Ordinary Ranch Life

It was an ordinary summer Thursday. I made breakfast for my boys who had been gone for hours, but my recollection of their departure earlier that day was vague since I hadn't even opened my eyes to kiss them both goodbye that morning. (I have a ten-year-old arrangement with Ole Jus where he never leaves in the morning without telling me "bye" and some sweet sugar. Lil Zane has naturally followed his dad's routine on mornings when they leave together.)
 
I called to see where on the 2000 acre ranch they were located...and Oh how I wish I could somehow depict the Texas drawl with which Lil Zane answered, "We're in the back 80."
 
Jus has run this ranch long before we were married, so our love story began here and is still being written in the pastures, pens, barns and trucks around this place.

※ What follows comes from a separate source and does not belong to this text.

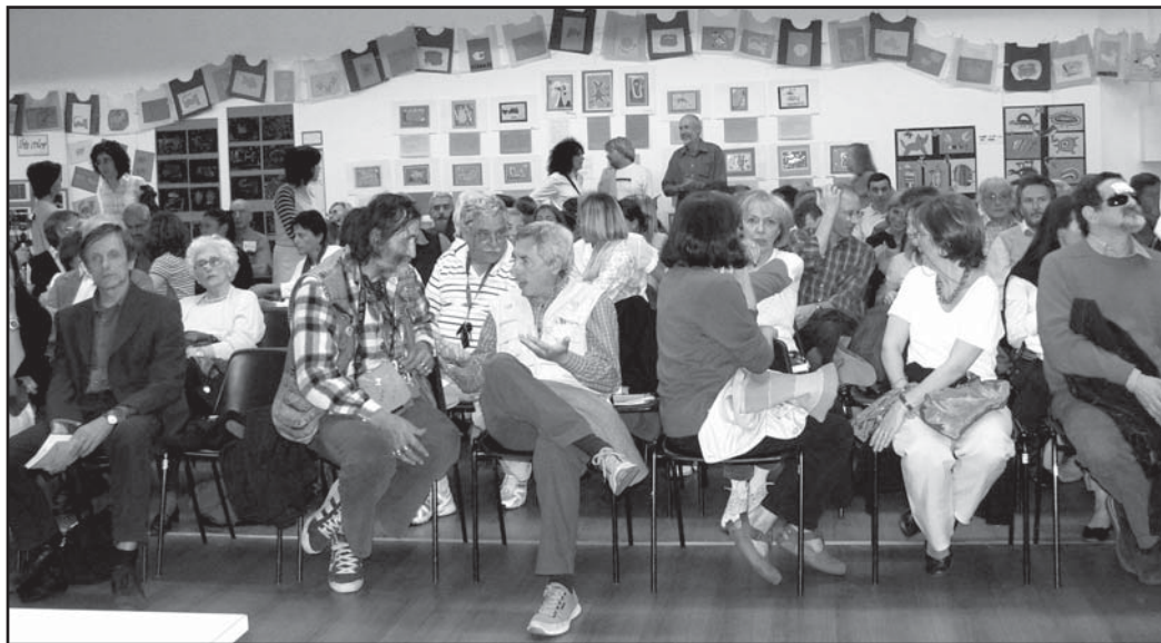
Il pubblico, durante la conferenza dello storico Alessandro Barbero

Which means I understood when Zane answered me that he meant the 80 acres furthest from the front of the ranch. In the back. It was the farthest point from our house.
 
Ramzee and I watched the storm clouds roll in as we drove all that way. We passed a tractor mowing our part of the county road, 2 of the hands stopped and talking between their 2 tractors, another hand mowing a yard, a fertilizer truck trying to spread before the rain came. When we reached our destination where Jus was teaching the new guy to plant grass, we had driven over 4 miles. 
 
This is life for us. It was just an ordinary day on an ordinary working ranch, but as I looked around me I realized there is so much extraordinary in the midst of all that ordinary.  As with everyone, I often times forget to stop and appreciate all that is around me. I am so grateful to live among His sacred creation but I regularly deny Him the glory He deserves.
 
On our four and a half mile trek back home I decided to stop and look around. So I did. (Until the clouds opened up and poured.) I stopped on top of every hill, at the turn of every corner and drove the kids completely insane just so I could share my gratitude with all of you. The journey begins where you cannot even see the barely beaten down path in the grass that makes up "the back 80" and takes you through the dirt roads all the way to the barn, which was only about half of the drive.
 
I know there are few families who do life in such a boundless, vast setting, and I am forever grateful to be doing it on this ranch, with these people...FROM THIS SIDE OF THIRTY.